Mientras duermes Spanien 2011 – 101min.
Filmkritik
Ein Scheusal spielt Schicksal
In Jaume Balaguerós noch nicht umfangreichem Werk spielt das Genre des Horror-Films die Hauptrolle, aber manchmal ist er gnädig und dreht nur einen Thriller. Für das unabgehärtete Publikum ist das allerdings immer noch happige Kost, die der einen oder anderen schwer- bis unverdaulich aufstoßen wird. Die hohe handwerkliche Qualität von Regie und Kamera lässt indes niemanden entrinnen, sobald die Vorführung begonnen hat. Schade nur, dass das Drehbuch zwei Klassen tiefer spielt.
Wer diesen Film besucht, nimmt an einem Experiment teil - mit sich selbst als Versuchskaninchen: Wie gefesselt klebt man im Kinosessel, starrt gebannt auf die Leinwand und fühlt sich wie unter Drogen, die den eigenen Willen gebrochen haben. Da schluckt man vieles, was bei Lichte besehen weder glaubwürdig noch plausibel erscheint. So zeigt sich aber die Qualität von Regie und Kamera, die eine absurde Geschichte voller unmöglicher Vorgänge und eine psychologisch flache Hauptfigur - von den Nebenfiguren reden wir gar nicht erst - derart fulminant inszenieren und famos filmen, dass viele wohl bis zum bitteren Ende dranbleiben.

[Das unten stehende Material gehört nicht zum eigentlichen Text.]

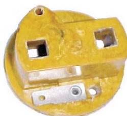
A-41 MICARTA IME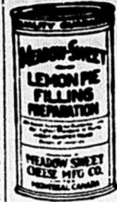
Le produit original et authentique.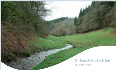
D'Houschterbaach bei Walsdref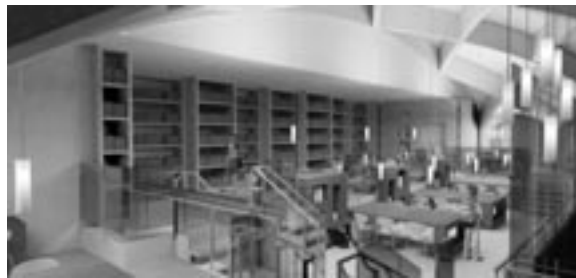
maquette de Cimaise architectes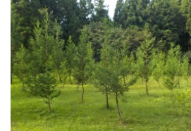
【鳥獣緩衝帯機能を有する植林】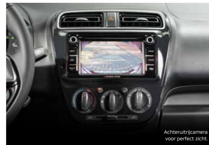
Achteruitrijcamera voor perfect zicht.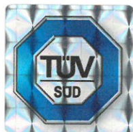
Vedoucí certifikačního orgánu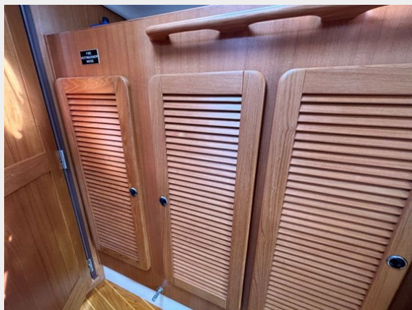
Forward Stateroom Storage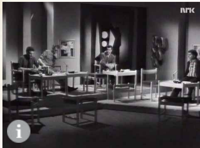
Profil -forfattarane i tv-studio. Du kan lære meir om Jan Erik Vold og denne tida på NRK Skole

☛ Felles for Vold og dei andre lyrikarane i Profil -krinsen var opposisjonen deira mot den tradisjonelle etterkrigsmoder- nismen. Dei meinte han var for innover- vend og alvorleg, og tyngd av komplekse symbol og metaforar. Lyrikk skal ikkje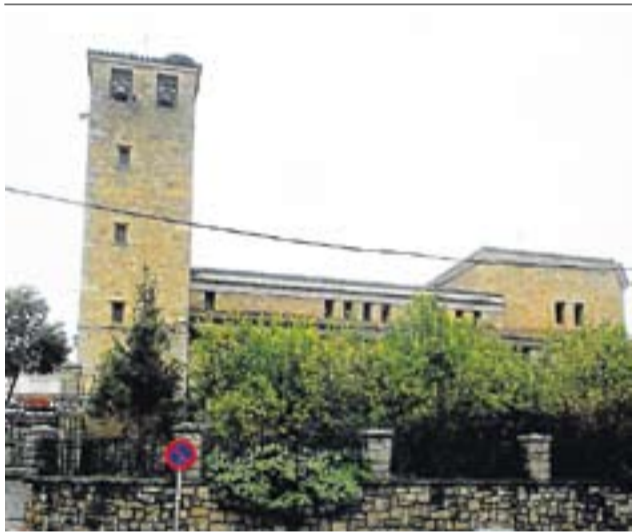
Un templo registrado en Extremadura. MIGUEL G. CASTRO

nuncia y la retirada del sacerdote que impartió misa durante 30 años por la disputa de unos terrenos: o la misa o la propiedad. En la mayoría de los casos, el Registro de la Propiedad ha permitido a la Iglesia beneficiarse del trabajo, el esfuerzo y la inversión de los vecinos durante muchos años, que ahora califica de "donativos".

Dabei gelingt es Balagueró, eine zunächst wegen ihrer scheinbaren Armseligkeit bemitleidenswerte Figur alle Sympathien verspielen zu lassen, und dennoch in einigen haarsträubenden Szenen die Hoffnung des Publikums umzuverteilen. Das ist erstaunlich, denn die Schauspieler sind zwar ernsthaft bei der Sache, aber Hauptdarsteller Luis Tosar lässt nicht erkennen, dass sein César eine dämonische Ader besitzt und sie auch auslebt.
Dieser César arbeitet als Concierge in einem prächtigen Madrider Mietshaus. Er hat die Schlüssel zu allen Wohnungen und einen unerklärbaren, permanenten Missmut, der über seine Missgunst gegenüber vom Schicksal offenkundig besser Bedachten zu einem perversen Drang mutierte, die Glücklichen ins Unglück zu stürzen. Die Konstruktion, Einfall mag man das nicht nennen, lässt César regelmäßig seine wachkomatöse Mutter besuchen und beschwatzen, stülpt so zwar den inneren Monolog nach außen, gewinnt aber nichts, weil seine Worte keine Substanz besitzen.
So sieht man ihm zwar fasziniert bei seinem zerstörerischen Wirken zu, rätselt aber immerzu, warum er diese Mühen auf sich nimmt. Rätselhaft ist auch das Verhalten der Betroffenen und die Kenntnisse des Drehbuchautors über psychologische und physiologische Zusammenhänge. Schade um die viele Kunst, die an den schwer goutierbaren Inhalt verschwendet wurde.